Knight said the project taught them important “everyday skills for when we grow up” like math and how to be a good salesperson.
In the process, Sachse said, the students learned economic concepts such as supply and demand, figuring costs and persuasive advertising.
It’s something her class does every year. But she entered the contest on a whim after seeing a flier for it.
She didn’t even realize it was a national contest at first with about 50 other schools. She thought she’d deliver their contest entry in person and headed to the local Nestle factory just to learn the contact person was in California.
At the end of the year, a group of Nestle workers stopped by with ice cream and Minute to Win It like games for the kids — “just a fun ending to the year,” Sachse said. The school also received a total of $1,500 with Sachse’s and Lallathin’s classrooms receiving $500 each.
Sasche said she’ll probably buy books for her classroom with the money. She added that she’s very proud of the kids and thinks “they realized the impact” of their work.
“Not one child said ‘can I keep this money?’” she said. “They all were very giving.”

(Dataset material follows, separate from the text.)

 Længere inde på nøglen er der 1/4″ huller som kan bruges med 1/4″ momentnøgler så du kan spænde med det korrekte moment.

Schieve said the money the kids raised will go toward helping the animals, whether it be to spay or neuter them, give them vaccinations or feed them, etc.
The organization runs completely on donations and fundraisers like Tenth Street’s, she said, so the Humane Society really relies on its community.

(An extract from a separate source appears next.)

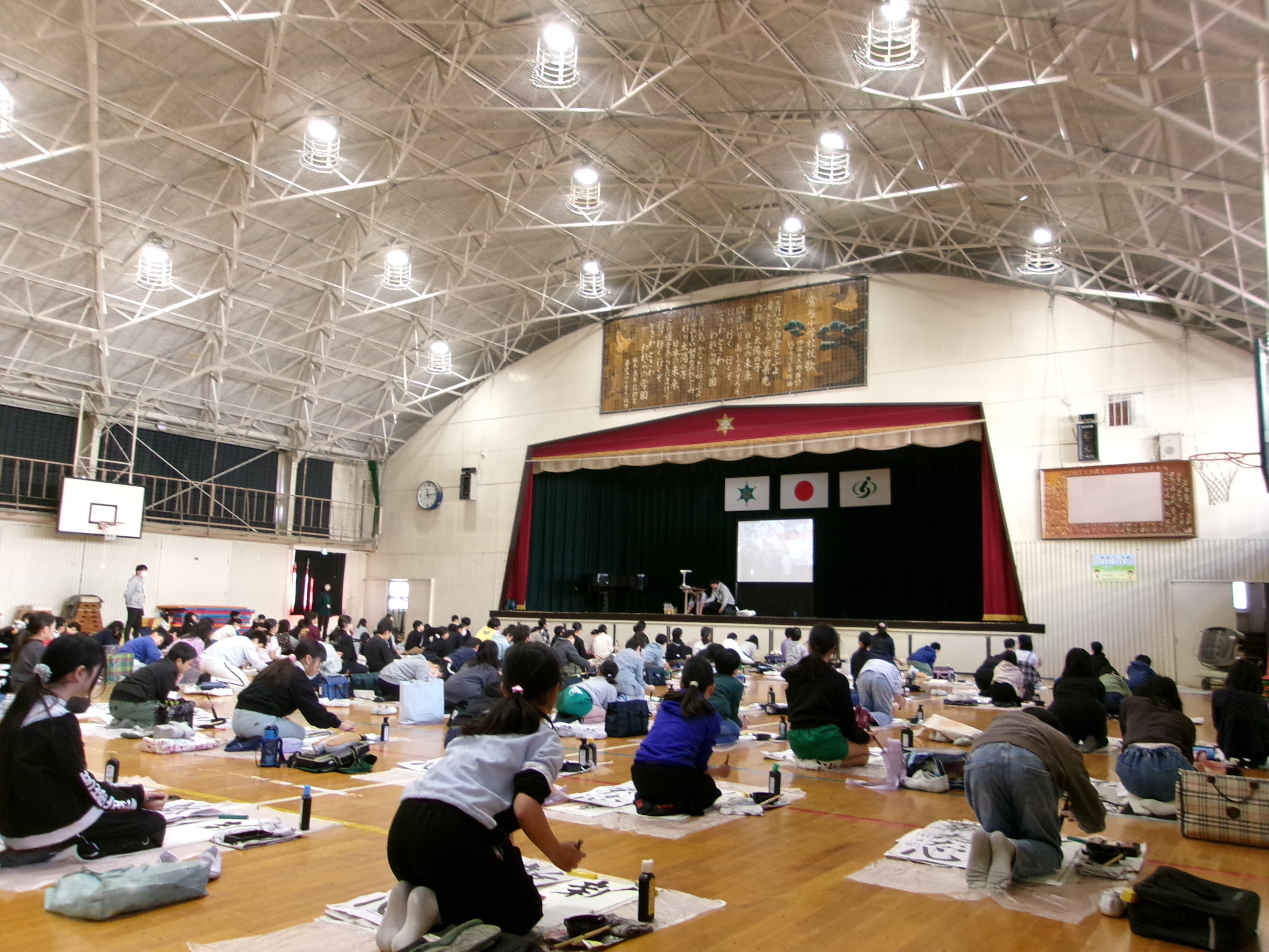 12月17日(水) 5年生 書きぞめ練習 体育館での練習が始まりました。スクリーンに映し出された書き方のポイントを見ながら先生の説明を聞き、アドバイスを受けながら何度も書いていました。冬休みにも練習し、年明けの書きぞめ会に向けて頑張りましょう。 |

“That was fabulous,” she said. “Oh my gosh, it was so unbelievable what those kids accomplished.”
Entries in the Nestle contest were judged based on content, creativity and the overall impact of the community service project.
East Elementary School in Pendleton received second place for making scarves for elderly residents at a retirement home and singing carols when they delivered the wrapped gifts.
They then gave their reward money to students in Moore, Okla., after the deadly tornado that struck in May.